**Your instructions**
Your task is to copy the lines of the data below from the line holding "在實驗中,來自大腸桿菌的 r" through the line holding "36W four-pin (white", inclusive, exactly and with nothing added.

**Entries provided**
::::::

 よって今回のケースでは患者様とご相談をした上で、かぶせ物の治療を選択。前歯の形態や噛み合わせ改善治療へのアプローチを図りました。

::::::

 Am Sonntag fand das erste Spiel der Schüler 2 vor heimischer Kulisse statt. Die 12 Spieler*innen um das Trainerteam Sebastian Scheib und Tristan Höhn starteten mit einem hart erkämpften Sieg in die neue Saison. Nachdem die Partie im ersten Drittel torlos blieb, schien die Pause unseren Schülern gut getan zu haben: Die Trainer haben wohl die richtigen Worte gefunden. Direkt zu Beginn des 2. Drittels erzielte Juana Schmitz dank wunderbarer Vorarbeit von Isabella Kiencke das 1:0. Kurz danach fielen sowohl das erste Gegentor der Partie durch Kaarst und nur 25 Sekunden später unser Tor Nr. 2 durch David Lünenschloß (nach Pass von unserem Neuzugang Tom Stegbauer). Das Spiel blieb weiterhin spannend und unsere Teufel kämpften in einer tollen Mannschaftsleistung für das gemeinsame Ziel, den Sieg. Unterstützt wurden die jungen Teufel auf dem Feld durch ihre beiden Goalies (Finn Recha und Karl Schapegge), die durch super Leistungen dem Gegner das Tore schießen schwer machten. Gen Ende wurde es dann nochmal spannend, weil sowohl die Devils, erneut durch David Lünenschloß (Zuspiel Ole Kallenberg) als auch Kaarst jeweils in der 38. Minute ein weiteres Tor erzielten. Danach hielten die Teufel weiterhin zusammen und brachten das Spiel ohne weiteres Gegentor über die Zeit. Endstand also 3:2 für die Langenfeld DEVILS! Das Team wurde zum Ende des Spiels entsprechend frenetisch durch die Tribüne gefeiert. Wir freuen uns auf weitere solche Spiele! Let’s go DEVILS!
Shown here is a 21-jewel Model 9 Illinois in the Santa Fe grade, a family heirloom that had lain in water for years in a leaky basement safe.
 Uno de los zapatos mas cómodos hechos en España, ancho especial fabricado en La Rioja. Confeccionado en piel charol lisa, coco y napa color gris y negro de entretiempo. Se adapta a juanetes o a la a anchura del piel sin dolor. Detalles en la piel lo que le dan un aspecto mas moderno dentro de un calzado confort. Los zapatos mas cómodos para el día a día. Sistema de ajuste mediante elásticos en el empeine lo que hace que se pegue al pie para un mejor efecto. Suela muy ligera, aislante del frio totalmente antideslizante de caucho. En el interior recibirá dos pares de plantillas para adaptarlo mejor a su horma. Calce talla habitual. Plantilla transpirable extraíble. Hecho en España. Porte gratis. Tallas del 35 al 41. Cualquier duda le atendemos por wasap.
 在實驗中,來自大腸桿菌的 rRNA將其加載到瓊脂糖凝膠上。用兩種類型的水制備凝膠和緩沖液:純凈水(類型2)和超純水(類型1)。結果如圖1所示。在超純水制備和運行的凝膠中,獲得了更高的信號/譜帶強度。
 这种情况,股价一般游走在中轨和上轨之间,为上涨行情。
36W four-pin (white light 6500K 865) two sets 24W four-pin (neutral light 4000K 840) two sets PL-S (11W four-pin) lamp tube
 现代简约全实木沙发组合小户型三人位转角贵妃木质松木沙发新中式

::::::

**Answer to this task**
 在實驗中,來自大腸桿菌的 rRNA將其加載到瓊脂糖凝膠上。用兩種類型的水制備凝膠和緩沖液:純凈水(類型2)和超純水(類型1)。結果如圖1所示。在超純水制備和運行的凝膠中,獲得了更高的信號/譜帶強度。
 这种情况,股价一般游走在中轨和上轨之间,为上涨行情。
36W four-pin (white light 6500K 865) two sets 24W four-pin (neutral light 4000K 840) two sets PL-S (11W four-pin) lamp tube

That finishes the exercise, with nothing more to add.